* **WHAT YOU WILL DO**:
Give again, word for word, each line below starting at the one that contains "This apartment has" and ending at the one that contains "23歲的塞內(nèi)加爾前".

* **DATA SHOWN**:
————
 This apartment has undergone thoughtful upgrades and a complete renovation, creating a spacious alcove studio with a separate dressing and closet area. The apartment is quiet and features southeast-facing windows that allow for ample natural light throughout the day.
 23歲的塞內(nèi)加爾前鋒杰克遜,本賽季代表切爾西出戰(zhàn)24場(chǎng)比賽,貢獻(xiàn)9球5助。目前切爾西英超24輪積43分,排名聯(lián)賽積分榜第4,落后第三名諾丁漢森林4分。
————
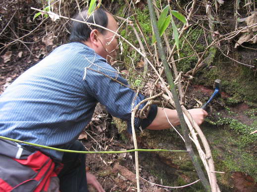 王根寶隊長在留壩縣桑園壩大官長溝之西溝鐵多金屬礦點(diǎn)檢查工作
————
* **YOUR RESPONSE**:
 This apartment has undergone thoughtful upgrades and a complete renovation, creating a spacious alcove studio with a separate dressing and closet area. The apartment is quiet and features southeast-facing windows that allow for ample natural light throughout the day.
 23歲的塞內(nèi)加爾前鋒杰克遜,本賽季代表切爾西出戰(zhàn)24場(chǎng)比賽,貢獻(xiàn)9球5助。目前切爾西英超24輪積43分,排名聯(lián)賽積分榜第4,落后第三名諾丁漢森林4分。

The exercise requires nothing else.